CEINT research featured in C&EN’s Chemistry Year in Review

hornwormEach year, C&E News publishes hundreds of articles on important research advances in chemistry. In their annual Chemistry Year in Review the C&E News editors reveal their choices for some of the “superlative achievements” in chemistry that were featured during the year. This review also provides a way to reflect on the ramifications of these developments.

CEINT research on nanomaterials in the food chain, lead by Paul Bertsch at the University of Kentucky, was selected for inclusion in C&E News' Chemistry Year in Review 2011.

The CEINT funded team showed that gold nanoparticles transfer from a pre-exposed primary producer (tobacco plants) to a primary consumer (horn worm caterpillar) (C&EN, March 14, page 44).

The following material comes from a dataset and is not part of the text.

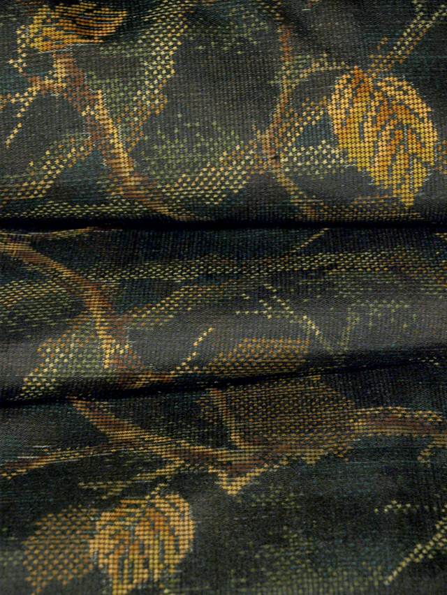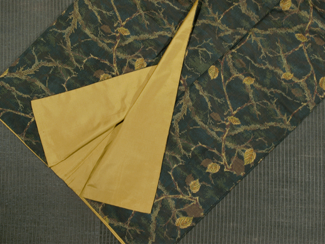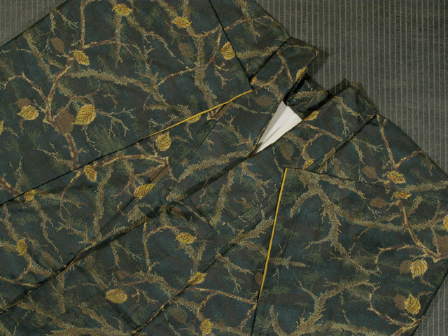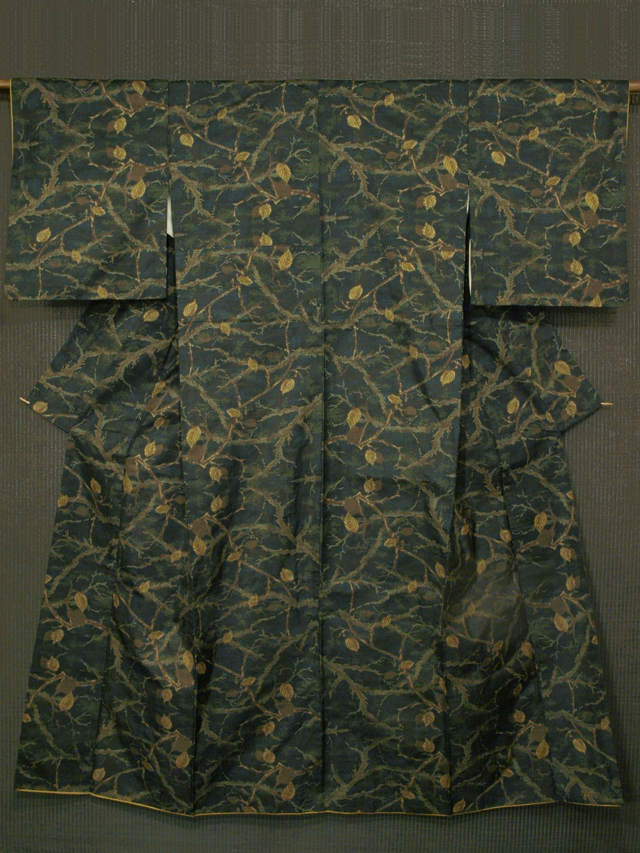 全体的な印象としては、濃淡のある深く沈んだ深緑色の地に、絣で枝葉の文様が織り込まれている、本場大島紬です。袷仕立てです。18 算(よみ)一元(ひともと)式の 9 マルキです。 落ち着きと渋みのあるさわやかなお色目で、帯合わせが楽しめる意匠です。大島紬のなかで最高峰の技術といえる、希少な 9 マルキの一元で、精緻で繊細な絣が素性の良さを物語っています。 ユーズド品です。生け洗いがされていてこよりが付いていますが、胴裏の胸脇などに直径約 15-20cm の薄めの黄変が広くあるほか、ところどころにもごくうっすらとしたこまかな黄変が 2、3 か所あります。表地はきれいな状態で、そのほかに目につくしみやよごれ、褪色などのダメージはないので、気にされない方であれば、お召しになれます。良いお品なので胴裏を張り替えても良いかもしれません。 |

More importantly, it was discovered they that the concentration of nanoparticles in the caterpillar was much higher than in the plants they fed on, a process known as biomagnification (Environ. Sci. Technol., DOI: 10.1021/es103031a). Thus, Bertsch and colleagues provided the first evidence that nanoparticles can build up in a terrestrial food chain. Manufacturers are incorporating nanoparticles into hundreds of widely available consumer products, such as plastics, cosmetics and clothing. Understanding those properties of manufactured nanoparticles that control their bioavailability will ultimately help guide the design of safer materials.